Re: LookupableTableSource question

2019-07-02 Thread JingsongLee

> how do I enable Blink planner support? 
After flink-1.9 release, you can try Blink-planner.

>Since when is LATERAL TABLE available in Flink? Is it equivalent to using 
>temporal tables?
LATERAL TABLE is table function in table, it is available in Flink for a long 
time.[1]
It is different from temporal table.

[1] 
https://ci.apache.org/projects/flink/flink-docs-release-1.8/dev/table/udfs.html#table-functions

Best, JingsongLee

--
From:Flavio Pompermaier 
Send Time:2019年7月1日(星期一) 21:26
To:JingsongLee 
Cc:user 
Subject:Re: LookupableTableSource question

I probably messed up with the meaning of eval()..thus it is called once for 
every distinct key (that could be composed by a combination of fields)?
So, the other question is..how do I enable Blink planner support? 
Since when is LATERAL TABLE available in Flink? Is it equivalent to using 
temporal tables [1]?

[1] 
https://ci.apache.org/projects/flink/flink-docs-stable/dev/table/streaming/temporal_tables.html

Best,
Flavio
On Sat, Jun 29, 2019 at 3:16 AM JingsongLee  wrote:
The keys means joint primary keys, it is not list of keys, in your case, maybe 
there is a single key?

Best, Jingsong Lee

来自阿里邮箱 iPhone版
 --Original Mail --
From:Flavio Pompermaier 
Date:2019-06-28 22:53:31
Recipient:JingsongLee 
CC:user 
Subject:Re: LookupableTableSource question
Sorry I copied and pasted twice the current eval method...I'd do this:

public void eval(Object... keys) {
for (Object kkk : keys) {
Row keyRow = Row.of(kkk);
if (cache != null) {
List cachedRows = cache.getIfPresent(keyRow);
if (cachedRows != null) {
for (Row cachedRow : cachedRows) {
collect(cachedRow);
}
return;
}
}
}
 ...
On Fri, Jun 28, 2019 at 4:51 PM Flavio Pompermaier  wrote:
This could be a good fit, I'll try to dig into it and see if it can be adapted 
to a REST service.
The only strange thing I see is that the key of the local cache is per block of 
keys..am I wrong?
Shouldn't it cycle over the list of passed keys?

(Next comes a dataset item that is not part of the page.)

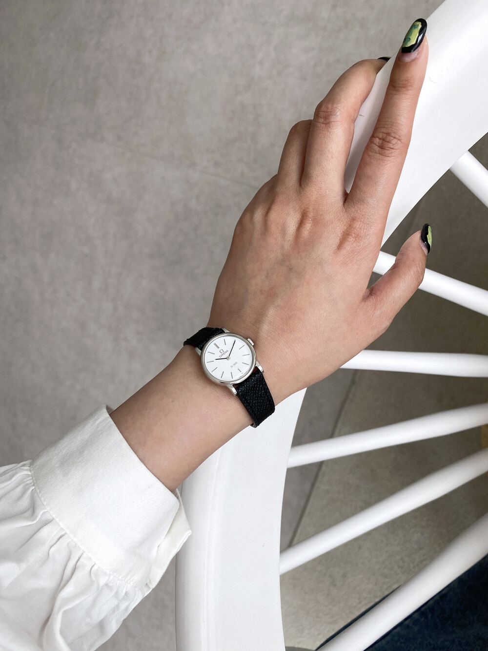 돔 형태의 아크릴 글래스가 오메가만의 클래식한 매력을 선사하는 시계입니다.

Right now it's the following:

Cache> cache;

public void eval(Object... keys) {
Row keyRow = Row.of(keys);
if (cache != null) {
List cachedRows = cache.getIfPresent(keyRow);
if (cachedRows != null) {
for (Row cachedRow : cachedRows) {
collect(cachedRow);
}
return;
}
}   
 ...

while I'd use the following (also for JDBC):

Cache> cache;

public void eval(Object... keys) {
Row keyRow = Row.of(keys);
if (cache != null) {
List cachedRows = cache.getIfPresent(keyRow);
if (cachedRows != null) {
for (Row cachedRow : cachedRows) {
collect(cachedRow);
}
return;
}
}   
 ...

public void eval(Object... keys) {
for (Object kkk : keys) {
Row keyRow = Row.of(kkk);
if (cache != null) {
List cachedRows = cache.getIfPresent(keyRow);
if (cachedRows != null) {
for (Row cachedRow : cachedRows) {
collect(cachedRow);
}
return;
}
}
}
 ...

Am I missing something?

On Fri, Jun 28, 2019 at 4:18 PM JingsongLee  wrote:
Hi Flavio:

I just implement a JDBCLookupFunction[1]. You can use it as table function[2]. 
Or use
 blink temporal table join[3] (Need blink planner support).
I add a google guava cache in JDBCLookupFunction with configurable cacheMaxSize
(avoid memory OOM) and cacheExpireMs(For the fresh of lookup table).
Is that you want?

[1] 
https://github.com/JingsongLi/flink/blob/cc80999279b38627b37fa7550fb6610eee450d86/flink-connectors/flink-jdbc/src/main/java/org/apache/flink/api/java/io/jdbc/JDBCLookupFunction.java
[2] 
https://github.com/JingsongLi/flink/blob/cc80999279b38627b37fa7550fb6610eee450d86/flink-connectors/flink-jdbc/src/test/java/org/apache/flink/api/java/io/jdbc/JDBCLookupFunctionITCase.java#L143
[3] 
https://github.com/apache/flink/blob/master/flink-table/flink-table-planner-blink/src/test/scala/org/apache/flink/table/runtime/stream/sql/LookupJoinITCase.scala#L75

 Best, JingsongLee

--
From:Flavio Pompermaier 
Send Time:2019年6月28日(星期五) 21:04
To:user 
Subject:LookupableTableSource question

Hi to all,
I have a use case where I'd like to enrich a stream using a rarely updated 
lookup table.
Basically, I'd like to be able to set a refresh policy that is triggered either 
when a key was not found (a new key has probably been added in the mean time) 
or a configurable refresh-period has elapsed.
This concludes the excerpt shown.